By David Sinyard | Feb 04, 2014

Business PlanningOn behalf of our clients, what we want to be able to do is understand how to present their business in the best light possible to the Private Equity Group (PEG) .   What are the strengths and weaknesses of the business so that we can position it in order to have a successful outcome?  Our task in representing our clients is to obtain the best valuation and best structure possible.  PEGs see thousands of deals per year.  What is it they are looking for because they are going to make a decision based on a one to five page summary of whether they are going to proceed or not?  There is a very narrow window to get their attention.  More often than not the person getting that teaser is not one of the founding or general managers of the firm who is ultimately making the decision.  So the gatekeeper is basing it off of their experience up to that time, their interpretation of what the investment rules or criteria are of the business.  You have to get through the gatekeeper.

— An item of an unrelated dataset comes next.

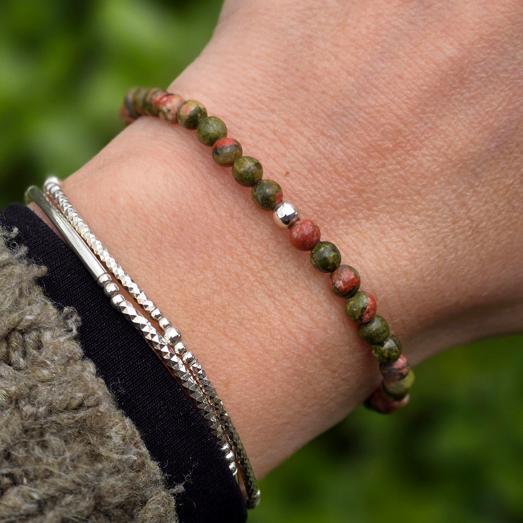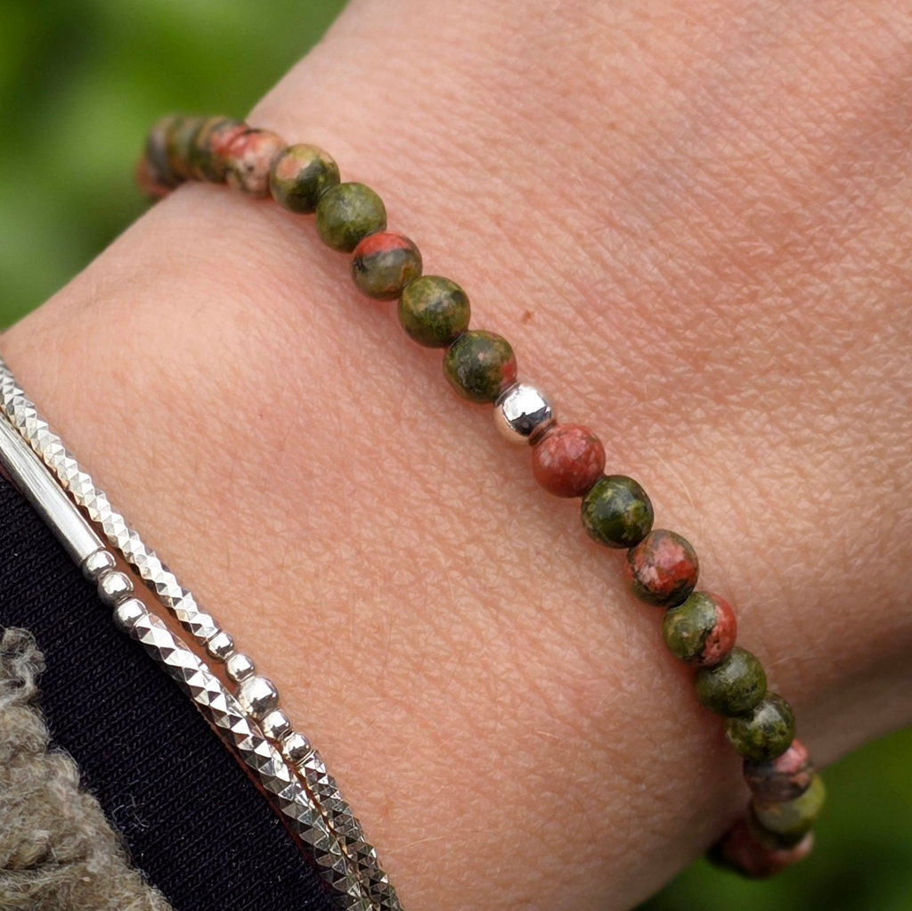 Natural Unakite stretch bead bracelet. Made with 4mm round gemstone beads and a wee sterling silver accent bead.

Then he or she brings it to a partner or someone else who would lead the transaction and at that point they would decide wrong sector right business model or whatever.  Then it’s going be presented to the rest of the team on Monday morning.  Then somebody in that room may say “oh I did one of those ten years ago, I hate that industry or I hate that business model or we would never do one of those, I lost money in those, or hey a friend of mine runs one of those you should talk to him.”  Maybe everybody says “I love it” and you get into the peeling back the onion on the diligence process.  At each one of those steps there is decision making and as you get closer and closer to closing the risk level increases because you are getting closer to lots of money changing hands and you are getting further away from the people you were speaking to at the beginning of the process.  It’s harder to go back to them.  Some things you never discussed at the beginning start getting discussed at the end. So you have got all this very tense rapidly moving and often shifting landscape that you are trying to manage.

Managing the process is critical.  For a discussion of some of the issues inherent to PEG review of potential investments between a Managing Partner of a PEG, Devin Matthews of Chicago Growth Partners, and a Principal of CFAW, David Sinyard, please go to:

Posted by David Sinyard.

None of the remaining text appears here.